The radix-2 FFT works by splitting a size-$N$ DFT into two size-$\frac{N}{2}$ DFTs. (Because the cost of a naive DFT is proportional to $N^2$, cutting the problem in half will cut this cost, maybe, in half. Two size-$\frac{N}{2}$ DFTs appear to cost less than one size-$N$ DFT.
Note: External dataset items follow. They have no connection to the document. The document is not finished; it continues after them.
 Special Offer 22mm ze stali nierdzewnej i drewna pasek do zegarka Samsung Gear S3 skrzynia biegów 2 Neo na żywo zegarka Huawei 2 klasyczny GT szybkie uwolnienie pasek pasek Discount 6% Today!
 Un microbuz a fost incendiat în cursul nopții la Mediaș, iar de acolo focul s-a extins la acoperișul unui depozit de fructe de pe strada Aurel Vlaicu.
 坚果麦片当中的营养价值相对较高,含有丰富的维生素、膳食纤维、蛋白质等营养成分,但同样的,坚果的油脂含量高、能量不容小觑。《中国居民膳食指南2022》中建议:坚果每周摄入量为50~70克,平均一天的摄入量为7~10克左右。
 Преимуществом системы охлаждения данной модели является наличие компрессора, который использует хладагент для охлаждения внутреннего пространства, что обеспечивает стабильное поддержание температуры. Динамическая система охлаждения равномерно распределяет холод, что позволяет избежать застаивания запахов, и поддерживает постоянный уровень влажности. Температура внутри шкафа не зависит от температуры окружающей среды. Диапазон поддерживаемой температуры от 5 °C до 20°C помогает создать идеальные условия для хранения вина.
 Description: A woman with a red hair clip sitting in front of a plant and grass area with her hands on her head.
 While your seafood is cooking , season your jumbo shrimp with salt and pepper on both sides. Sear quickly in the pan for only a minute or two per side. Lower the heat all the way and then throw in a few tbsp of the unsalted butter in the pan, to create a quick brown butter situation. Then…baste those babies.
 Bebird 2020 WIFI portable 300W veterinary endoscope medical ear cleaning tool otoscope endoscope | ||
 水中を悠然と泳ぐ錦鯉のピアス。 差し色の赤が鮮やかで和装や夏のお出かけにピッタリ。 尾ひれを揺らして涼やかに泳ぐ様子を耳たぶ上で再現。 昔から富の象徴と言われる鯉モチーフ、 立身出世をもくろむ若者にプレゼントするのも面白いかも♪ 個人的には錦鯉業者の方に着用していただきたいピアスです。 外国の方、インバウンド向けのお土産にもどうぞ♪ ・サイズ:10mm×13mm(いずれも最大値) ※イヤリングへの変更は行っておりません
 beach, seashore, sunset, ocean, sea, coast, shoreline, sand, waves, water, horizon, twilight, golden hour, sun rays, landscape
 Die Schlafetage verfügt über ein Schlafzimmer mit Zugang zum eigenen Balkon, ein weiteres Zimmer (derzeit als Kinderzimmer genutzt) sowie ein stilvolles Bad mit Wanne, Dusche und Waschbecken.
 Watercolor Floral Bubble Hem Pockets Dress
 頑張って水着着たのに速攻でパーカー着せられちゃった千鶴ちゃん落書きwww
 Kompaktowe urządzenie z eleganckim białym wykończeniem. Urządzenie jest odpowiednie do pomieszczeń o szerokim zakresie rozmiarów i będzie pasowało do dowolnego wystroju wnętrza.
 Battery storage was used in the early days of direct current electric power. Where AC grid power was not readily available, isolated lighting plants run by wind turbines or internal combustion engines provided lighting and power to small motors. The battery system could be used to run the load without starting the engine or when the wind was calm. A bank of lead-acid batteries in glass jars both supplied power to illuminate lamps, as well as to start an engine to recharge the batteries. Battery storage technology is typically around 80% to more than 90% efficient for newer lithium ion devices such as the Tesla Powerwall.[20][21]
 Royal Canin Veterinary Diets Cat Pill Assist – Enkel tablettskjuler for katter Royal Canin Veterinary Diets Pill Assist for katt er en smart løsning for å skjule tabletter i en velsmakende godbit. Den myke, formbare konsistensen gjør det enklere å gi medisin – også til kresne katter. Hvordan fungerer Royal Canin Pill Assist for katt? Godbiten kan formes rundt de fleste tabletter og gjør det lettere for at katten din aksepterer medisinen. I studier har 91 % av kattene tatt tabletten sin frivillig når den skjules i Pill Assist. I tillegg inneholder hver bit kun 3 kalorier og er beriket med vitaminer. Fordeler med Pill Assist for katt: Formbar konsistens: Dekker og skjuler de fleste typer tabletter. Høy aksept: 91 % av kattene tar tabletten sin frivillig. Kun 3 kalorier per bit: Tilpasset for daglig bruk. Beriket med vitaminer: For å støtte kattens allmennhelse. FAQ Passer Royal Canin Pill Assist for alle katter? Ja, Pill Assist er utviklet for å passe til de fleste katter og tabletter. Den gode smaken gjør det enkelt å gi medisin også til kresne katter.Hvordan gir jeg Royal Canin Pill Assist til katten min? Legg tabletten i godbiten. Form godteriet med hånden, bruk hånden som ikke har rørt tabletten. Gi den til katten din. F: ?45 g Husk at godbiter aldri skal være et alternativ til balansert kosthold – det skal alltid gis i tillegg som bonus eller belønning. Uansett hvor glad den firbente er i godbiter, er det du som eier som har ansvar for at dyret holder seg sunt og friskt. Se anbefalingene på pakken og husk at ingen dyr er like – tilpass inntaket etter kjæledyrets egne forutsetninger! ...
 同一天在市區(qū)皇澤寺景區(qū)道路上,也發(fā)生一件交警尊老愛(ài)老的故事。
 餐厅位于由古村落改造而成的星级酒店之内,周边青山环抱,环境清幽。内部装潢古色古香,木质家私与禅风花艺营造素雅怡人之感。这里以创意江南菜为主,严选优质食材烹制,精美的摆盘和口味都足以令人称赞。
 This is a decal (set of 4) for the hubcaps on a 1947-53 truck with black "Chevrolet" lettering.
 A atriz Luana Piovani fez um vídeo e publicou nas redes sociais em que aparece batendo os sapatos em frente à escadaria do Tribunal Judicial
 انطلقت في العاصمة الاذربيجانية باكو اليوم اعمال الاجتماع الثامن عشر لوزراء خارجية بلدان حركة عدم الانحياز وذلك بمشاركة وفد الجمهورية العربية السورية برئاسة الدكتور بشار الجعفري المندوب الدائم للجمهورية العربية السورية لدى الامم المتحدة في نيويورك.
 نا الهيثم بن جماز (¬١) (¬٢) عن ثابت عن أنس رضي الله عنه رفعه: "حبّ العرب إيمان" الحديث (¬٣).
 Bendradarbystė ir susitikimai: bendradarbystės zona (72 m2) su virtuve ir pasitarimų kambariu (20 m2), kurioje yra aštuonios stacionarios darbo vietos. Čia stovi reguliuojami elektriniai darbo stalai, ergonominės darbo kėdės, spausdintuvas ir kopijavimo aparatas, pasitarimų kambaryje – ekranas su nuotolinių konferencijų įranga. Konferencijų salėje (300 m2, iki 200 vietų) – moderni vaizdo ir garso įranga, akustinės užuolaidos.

The Decimation-in-Time FFT splits the two DFTs into even and odd-indexed input samples:

$$\begin{align} X[k] \ &\triangleq \sum\limits_{n=0}^{N-1} x[n] \, e^{-j 2 \pi \frac{nk}{N}} \\ \\ &= \sum\limits_{n\text{ even}} x[n] \, e^{-j 2 \pi \frac{nk}{N}} + \sum\limits_{n\text{ odd}} x[n] \, e^{-j 2 \pi \frac{nk}{N}} \\ \\ &= \sum\limits_{m=0}^{\frac{N}{2}-1} x[2m] \, e^{-j 2 \pi \frac{(2m)k}{N}} + \sum\limits_{m=0}^{\frac{N}{2}-1} x[2m+1] \, e^{-j 2 \pi \frac{(2m+1)k}{N}} \\ \\ &= \sum\limits_{m=0}^{\frac{N}{2}-1} x[2m] \, e^{-j 2 \pi \frac{mk}{N/2}} + e^{-j 2 \pi \frac{k}{N}} \sum\limits_{m=0}^{\frac{N}{2}-1} x[2m+1] \, e^{-j 2 \pi \frac{mk}{N/2}} \\ \\ \end{align}$$

This shows that if the evens are stuffed into one DFT and the odds are stuffed into another DFT, that the results of the two DFTs can be combined by multiplying the result of the right-hand (odd) DFT with a single factor $ e^{-j 2 \pi \frac{k}{N}} $ and added to the left-hand (even) DFT. The result for the two frequencies $X[k]$ and $X[k+\tfrac{N}{2}]$ are the same except the right hand term is subtracted than added.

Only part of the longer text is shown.